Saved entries

☆ ☆ ☆ ☆ ☆ ☆ ☆

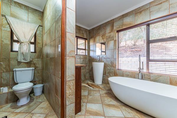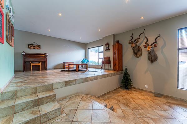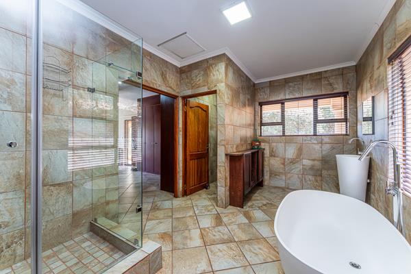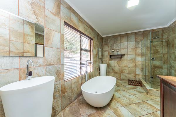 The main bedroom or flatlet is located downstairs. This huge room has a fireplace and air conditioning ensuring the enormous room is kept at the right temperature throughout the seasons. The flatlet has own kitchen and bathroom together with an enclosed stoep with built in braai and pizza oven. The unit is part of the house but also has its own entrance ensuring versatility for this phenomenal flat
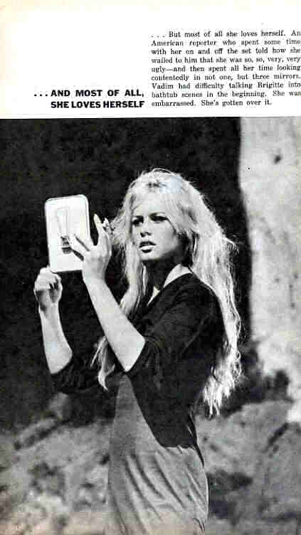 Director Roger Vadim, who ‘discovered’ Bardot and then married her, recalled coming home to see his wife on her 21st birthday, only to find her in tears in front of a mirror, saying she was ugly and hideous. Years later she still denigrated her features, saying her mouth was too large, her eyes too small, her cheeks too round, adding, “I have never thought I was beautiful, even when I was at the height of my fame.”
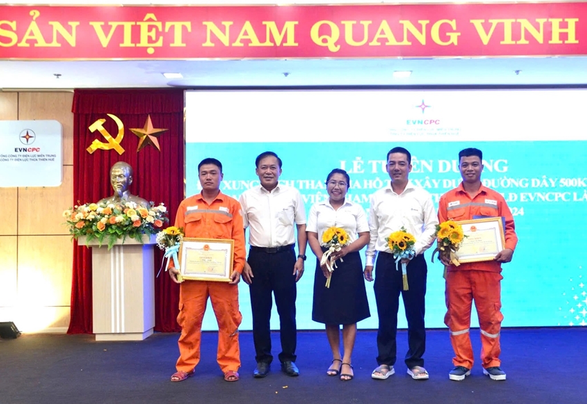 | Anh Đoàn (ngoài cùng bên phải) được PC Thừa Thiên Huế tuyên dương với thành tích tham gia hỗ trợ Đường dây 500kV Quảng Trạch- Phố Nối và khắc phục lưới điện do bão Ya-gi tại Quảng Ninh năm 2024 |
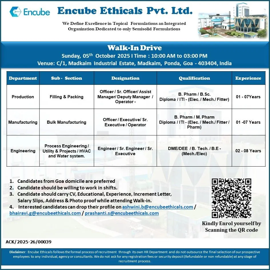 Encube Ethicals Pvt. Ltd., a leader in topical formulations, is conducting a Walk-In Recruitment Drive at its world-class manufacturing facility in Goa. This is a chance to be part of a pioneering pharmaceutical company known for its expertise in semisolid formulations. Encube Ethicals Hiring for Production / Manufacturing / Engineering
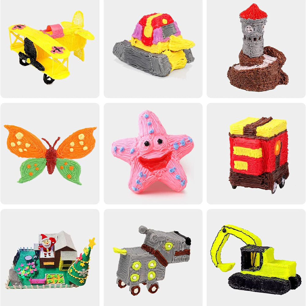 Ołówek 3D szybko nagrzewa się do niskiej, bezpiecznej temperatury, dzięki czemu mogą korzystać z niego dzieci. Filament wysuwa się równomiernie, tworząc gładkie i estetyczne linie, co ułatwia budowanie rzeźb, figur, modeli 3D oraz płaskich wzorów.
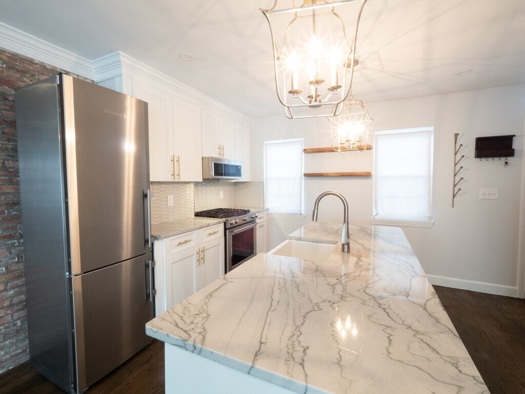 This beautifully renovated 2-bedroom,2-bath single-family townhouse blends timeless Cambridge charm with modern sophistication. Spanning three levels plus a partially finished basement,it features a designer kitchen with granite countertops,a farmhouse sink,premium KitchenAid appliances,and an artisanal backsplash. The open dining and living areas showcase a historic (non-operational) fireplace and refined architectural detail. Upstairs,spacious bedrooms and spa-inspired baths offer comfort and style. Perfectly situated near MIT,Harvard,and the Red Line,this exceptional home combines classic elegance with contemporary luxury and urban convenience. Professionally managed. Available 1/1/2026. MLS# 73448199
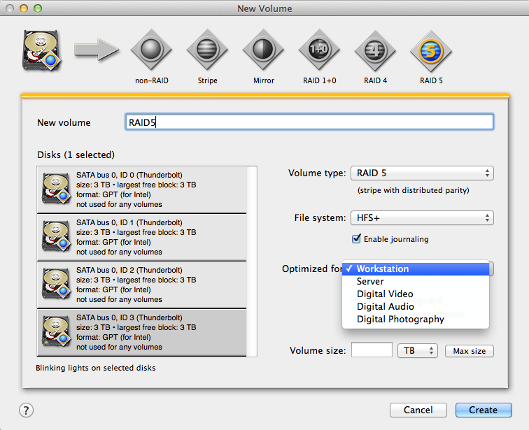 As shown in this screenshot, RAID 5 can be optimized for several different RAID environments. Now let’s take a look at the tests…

☆ ☆ ☆ ☆ ☆ ☆ ☆

Above are records to transcribe exactly; leave their pictures out.

• _EXERCISE RESPONSE_:
 The main bedroom or flatlet is located downstairs. This huge room has a fireplace and air conditioning ensuring the enormous room is kept at the right temperature throughout the seasons. The flatlet has own kitchen and bathroom together with an enclosed stoep with built in braai and pizza oven. The unit is part of the house but also has its own entrance ensuring versatility for this phenomenal flat
 Director Roger Vadim, who ‘discovered’ Bardot and then married her, recalled coming home to see his wife on her 21st birthday, only to find her in tears in front of a mirror, saying she was ugly and hideous. Years later she still denigrated her features, saying her mouth was too large, her eyes too small, her cheeks too round, adding, “I have never thought I was beautiful, even when I was at the height of my fame.”
 | Anh Đoàn (ngoài cùng bên phải) được PC Thừa Thiên Huế tuyên dương với thành tích tham gia hỗ trợ Đường dây 500kV Quảng Trạch- Phố Nối và khắc phục lưới điện do bão Ya-gi tại Quảng Ninh năm 2024 |
 Encube Ethicals Pvt. Ltd., a leader in topical formulations, is conducting a Walk-In Recruitment Drive at its world-class manufacturing facility in Goa. This is a chance to be part of a pioneering pharmaceutical company known for its expertise in semisolid formulations. Encube Ethicals Hiring for Production / Manufacturing / Engineering
 Ołówek 3D szybko nagrzewa się do niskiej, bezpiecznej temperatury, dzięki czemu mogą korzystać z niego dzieci. Filament wysuwa się równomiernie, tworząc gładkie i estetyczne linie, co ułatwia budowanie rzeźb, figur, modeli 3D oraz płaskich wzorów.
 This beautifully renovated 2-bedroom,2-bath single-family townhouse blends timeless Cambridge charm with modern sophistication. Spanning three levels plus a partially finished basement,it features a designer kitchen with granite countertops,a farmhouse sink,premium KitchenAid appliances,and an artisanal backsplash. The open dining and living areas showcase a historic (non-operational) fireplace and refined architectural detail. Upstairs,spacious bedrooms and spa-inspired baths offer comfort and style. Perfectly situated near MIT,Harvard,and the Red Line,this exceptional home combines classic elegance with contemporary luxury and urban convenience. Professionally managed. Available 1/1/2026. MLS# 73448199
 As shown in this screenshot, RAID 5 can be optimized for several different RAID environments. Now let’s take a look at the tests…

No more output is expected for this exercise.